West of Malkirk the fall of the land to the sea was steep. The village had grown on a broad lip, the only level place between mountains and the rocky shore. Its stone houses ran in a ragged line north-south, straddling the rutted and broken road. Jacob Pole allowed the old horse to pick its own path as the dray followed Malcolm Maclaren. He was looking off to the left, to a line of breakers that marked the shore.

“A fierce prospect,” remarked Darwin. He had followed the direction of Pole’s gaze. “And no shore for a shipwreck. See the second line of breakers out there, and the rocks of the reef. It is hard to imagine a ship holding together for one month after a wreck here, still less for two centuries.”

“My thought exactly,” said Pole gruffly. “Mr. Maclaren?”

“Aye, sir?” The stocky Highlander halted and turned at Pole’s call, his frizzy mop of hair wild under the old bonnet.

“Is the whole coastline like this—I mean, rocky and reef-bound?”
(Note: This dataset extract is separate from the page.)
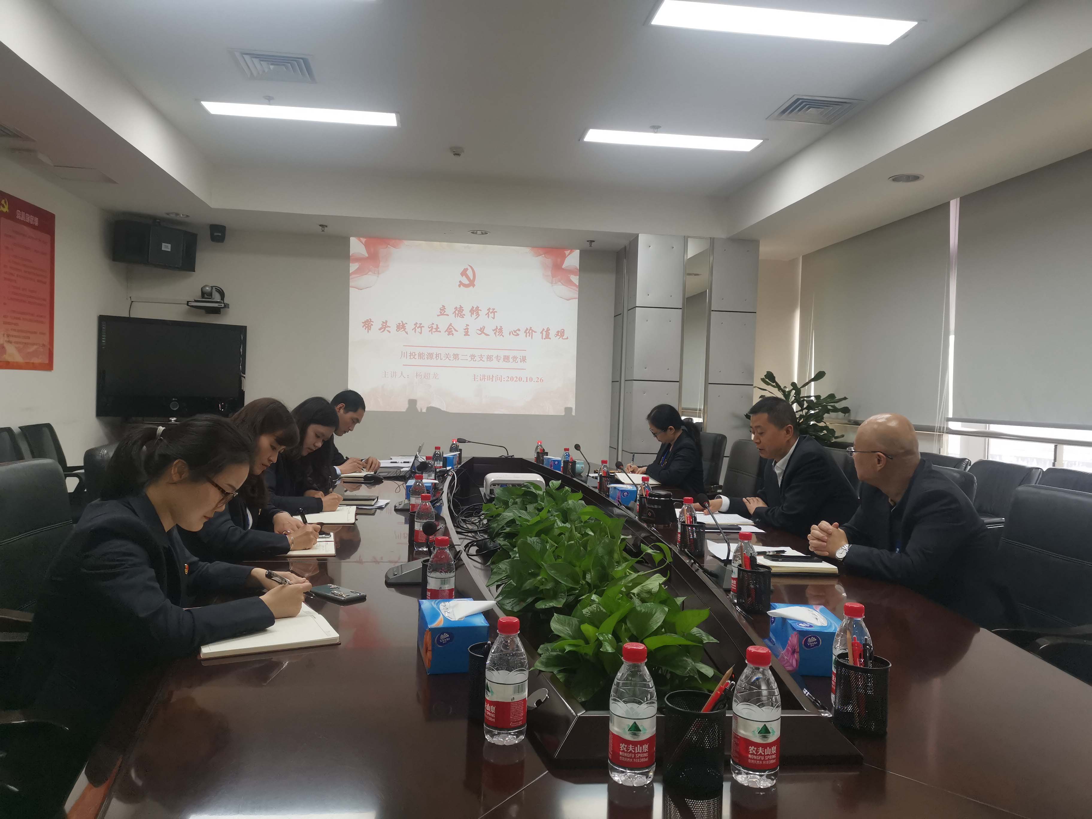 10月26日,川投能源機關第二黨支部召開黨員大會,公司黨委副書記、工會主席楊超龍以《立德修行,帶頭踐行社會主義核心價值觀》為題,就社會主義核心價值觀的內(nèi)容、重要意義以及黨員干部如何踐行三個方面,結(jié)合理論與自身感悟,深入淺出地為二支部黨員講授了一堂精彩的黨課。

“It is, sir, exceptin’ only Loch Malkirk, a mile on from here. Ye can put a boat in there easy enough, if ye’ve a mind to do it. An’ there’s another wee bit landing south of here that some of the men use.” He remained standing, arms across his chest. “Why’d ye be askin’? Will ye be wantin’ a boat, same as Dr. Hohenheim?”

“Hohenheim wants a boat?” began Pole, but Darwin silenced him with a look and a hand laid on his arm.

“Not now,” he said, as soon as Maclaren had turned to walk again along the path. “You already said it, the lure of gold will attract trouble. We could have guessed it. We are not the only ones who have heard word of a galleon.”

“Aye. But Hohenheim…” Jacob Pole sank into an unquiet silence.

They were approaching the north end of the village, where three larger houses stood facing each other across a level sward. Maclaren waved his hand at the one nearest the shore, where a grey-haired woman stood at the door.

“I wish ye could have had a place in that, but Dr. Hohenheim has one room, and his servant, that heathen blackamoor, has the other. But we can gi’ ye a room that’s near as good in here.” He turned to the middle and biggest house, and the woman started over to join them.

“Jeanie. Two gentlemen needs a room.” He went into a quick gabble of Gaelic, then looked apologetically at Pole and Darwin. “I’m sorry, but she hasna’ the English. I’ve told her the place has to be clean for ye, an’ that ye’ll be here for a few days at least. Anythin’ else ye’ll need while ye are here in Malkirk? Best if I tell her now.”

“I think not,” said Darwin. But he swung lightly to the ground from the seat of the dray and began to walk quickly across to the black-shuttered third house. He had seen the repeated looks that Malcolm Maclaren and the woman had cast in that direction.

“I don’t suppose there is any chance of rooms in here?” he said, not slowing his pace at all. “It will be some inconvenience, sharing a room, and if there were a place in this house, even for one of us—”

“No, sir!” Maclaren’s voice was high and urgent. “Not in that house, sir. There’s no room there.”

He came after Darwin, who had reached the half-open door and was peering inside.

“Ye see, there’s no place for ye.” Maclaren had moved around and blocked the entrance with a thick arm. “I mean, there’s no furniture there, no way that ye could stay there, you or the Colonel.”